Ian Massey

Personal information
- Full name: Ian Robert Massey
- Born: 10 September 1985 (age 41) Hereford, Herefordshire, England
- Batting: Right-handed
- Bowling: Right-arm off break

Domestic team information
- 2006–2007: Cambridge UCCE
- 2006–2007: Cambridge University
- 2006: Herefordshire

Career statistics
| Competition | First-class |
| Matches | 5 |
| Runs scored | 253 |
| Batting average | 28.11 |
| 100s/50s | –/1 |
| Top score | 65 |
| Balls bowled | – |
| Wickets | – |
| Bowling average | – |
| 5 wickets in innings | – |
| 10 wickets in match | – |
| Best bowling | – |
| Catches/stumpings | –/– |
- Source: Cricinfo, 22 August 2011

= Ian Massey =

English cricketer

Ian Robert Massey (born 10 September 1985) is an English cricketer. Massey is a right-handed batsman who bowls right-arm off break. He was born in Hereford, Herefordshire and educated at Shrewsbury School.

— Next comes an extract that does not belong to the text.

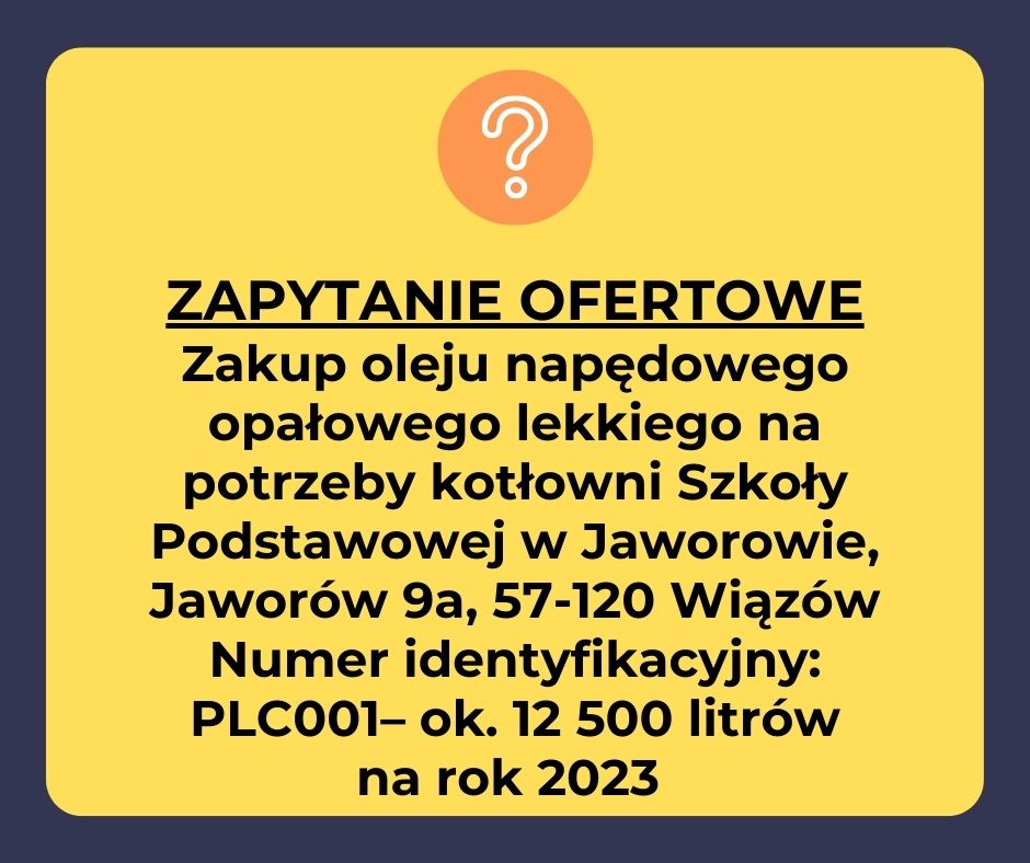 Zakup oleju napędowego opałowego lekkiego na potrzeby kotłowni Szkoły Podstawowej w Jaworowie, Jaworów 9a, 57-120 Wiązów Numer identyfikacyjny: PLC001– ok. 12 500 litrów na rok 2023
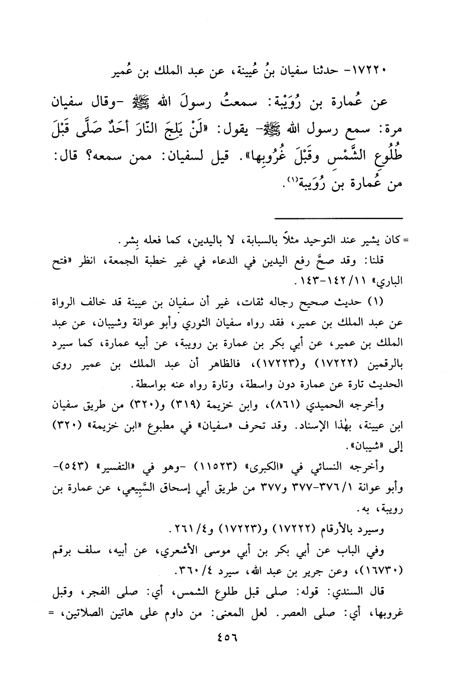 ١٧٢٢٠ - حَدَّثَنَا سُفْيَانُ بْنُ عُيَيْنَةَ، عَنْ عَبْدِ الْمَلِكِ بْنِ عُمَيْرٍ، عَنْ عِمَارَةَ بْنِ رُوَيْبَةَ: سَمِعْتُ رَسُولَ اللهِ صَلَّى اللهُ عَلَيْهِ وَسَلَّمَ - وَقَالَ سُفْيَانُ مَرَّةً: سَمِعَ رَسُولَ اللهِ صَلَّى اللهُ عَلَيْهِ وَسَلَّمَ - يَقُولُ: " لَنْ يَلِجَ النَّارَ أَحَدٌ صَلَّى قَبْلَ طُلُوعِ الشَّمْسِ وَقَبْلَ غُرُوبِهَا " قِيلَ لِسُفْيَانَ: مِمَّنْ سَمِعَهُ؟ قَالَ: مِنْ عُمَارَةَ بْنِ رُوَيْبَةَ (١)

While studying for his degree at Queens' College, Cambridge, Massey made his first-class debut for Cambridge UCCE against Kent in 2006. He made four further first-class appearances while at Cambridge, including two appearances for Cambridge University against Oxford University in the University Matches of 2006 and 2007. In his five first-class matches, he scored 253 runs at an average of 28.11, with a high score of 65. His highest score, which was his only first-class fifty, came against Oxford University in 2007.

In 2006, he made a single Minor Counties Championship appearance for Herefordshire against Cornwall.